A Successful Change Formula
The reality is that across the healthcare spectrum, more than 70% of change and transformation initiatives fail. Why? For starters, 80% of the work in managing successful process improvement has nothing to do with tools and everything to do with perceptions. There is a slow drift away from the norm toward catastrophic failure with workarounds, shortcuts and organizational pressure — especially when workers feel forced to make decisions without support from leaders.
So what works to ensure that front-line staff consistently embrace the agreed-upon process, even during a busy shift? It’s a comprehensive approach to high reliability that includes (1) a shared vision, (2) skills and training, (3) incentives, (4) resources for support and (5) required action. The absence of any one of these five ingredients puts lasting change in jeopardy.
The Engine for High Reliability
A successful HRO strategy begins with a solid foundation of leadership development and accountability. The Evidence-Based LeadershipSM framework provides the foundation by modeling, creating and sustaining a culture where alignment, accountability and standardization are at the very heart of the organization’s high reliability journey. In essence, it provides the “chassis” to bolt on specific HRO initiatives.

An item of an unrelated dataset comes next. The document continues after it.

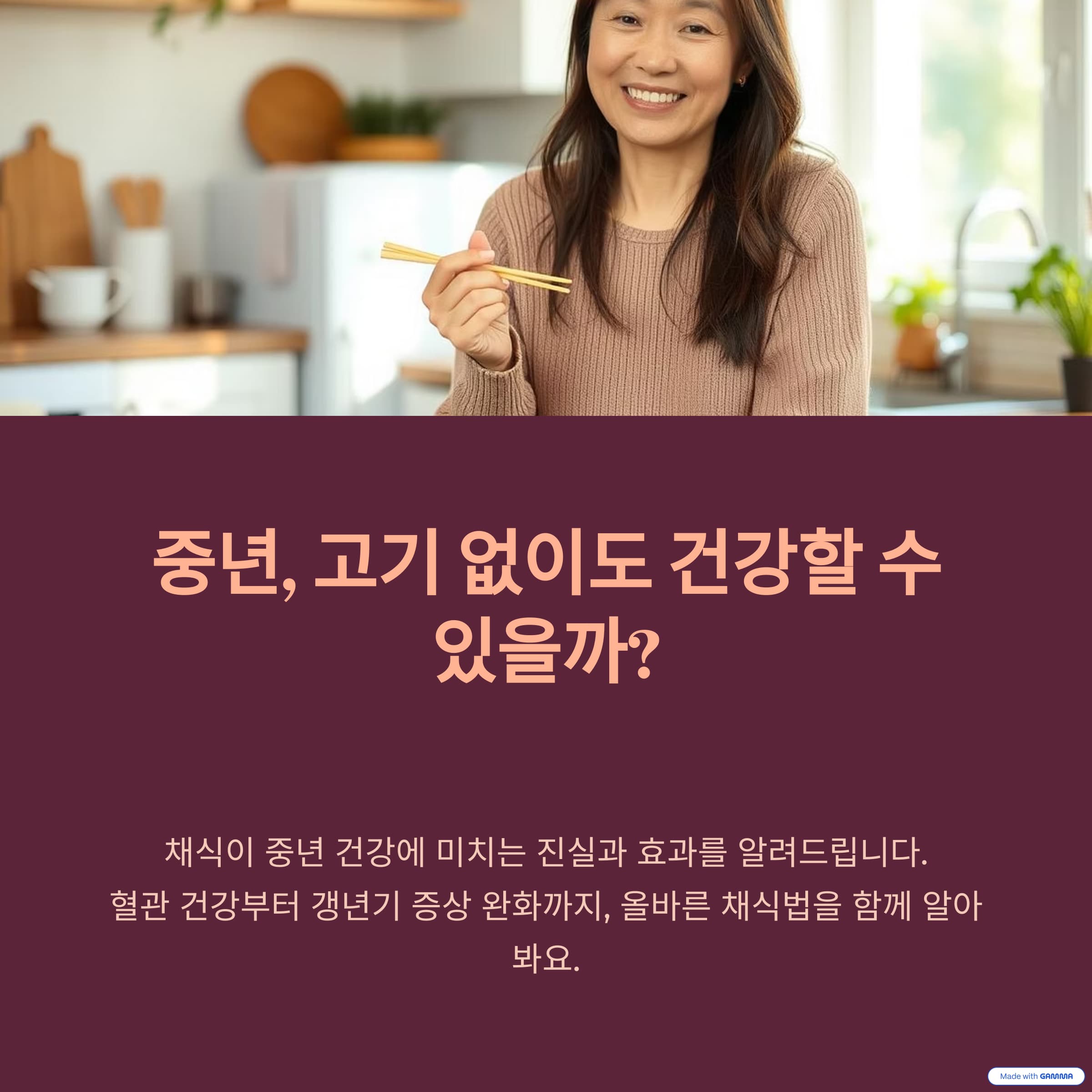 고기 없이도 충분히 건강할 수 있을까? 중년기에 접어들며 식단에 고민이 많아진 여러분께 채식의 진실을 알려드립니다.

Because goals cascade to every level and department, high reliability no longer risks becoming a project on the quality side of the house. So many efforts at high reliability in healthcare have failed because they focused on process improvement — like Lean or Six Sigma — at the expense of examining the habits of people who need to implement such processes when time or staff are in short supply. Conversely, Evidence-Based Leadership systematizes process improvements by assigning clear goals to employees and helping people learn new behaviors that address variation consistently over time.
Engagement Is Essential
Leader, clinician and employee engagement are also critical. As noted in The E-Factor: How Engaged Patients, Clinicians, Leaders, and Employees Will Transform Healthcare, the research confirms the importance of unlocking the team’s potential and building the capacity of front-line staff in the high reliability journey.
When leaders engage their teams, it builds efficacy and self-confidence in speaking up. Likewise, engaged leaders have an important role to play in supporting the team through continually improving processes and ensuring sufficient resources to deploy to provide excellent care without exception.
In the end, high reliability is about providing the kind of care anyone would demand for their own family members. Healthcare needs to restore trust that it will get it right for every individual every time, just as people trust that when a plane drops during turbulence at high altitudes, the odds of something bad happening are almost nonexistent.
The good news is this: There are already HRO trailblazers succeeding in our industry today. High reliability is increasingly well understood, and organizations are getting more efficient at operationalizing it.
High Reliability in Federal Healthcare
In recent years, the federal government has stepped up its interest in high reliability, implementing initiatives in key branches of the military under the Defense Health Agency as well as in the Veterans Health Administration (VHA). They’re taking note of the traction high reliability organizations are gaining in the private sector and getting on board.
As in the private sector, the federal government is tapping into best practices in high reliability due to an increasing focus on patient safety and providing top quality care. In some cases — such as for the VHA and military — hospitals face high visibility in the media and congressional scrutiny. That provides additional impetus to ensure a culture of zero harm.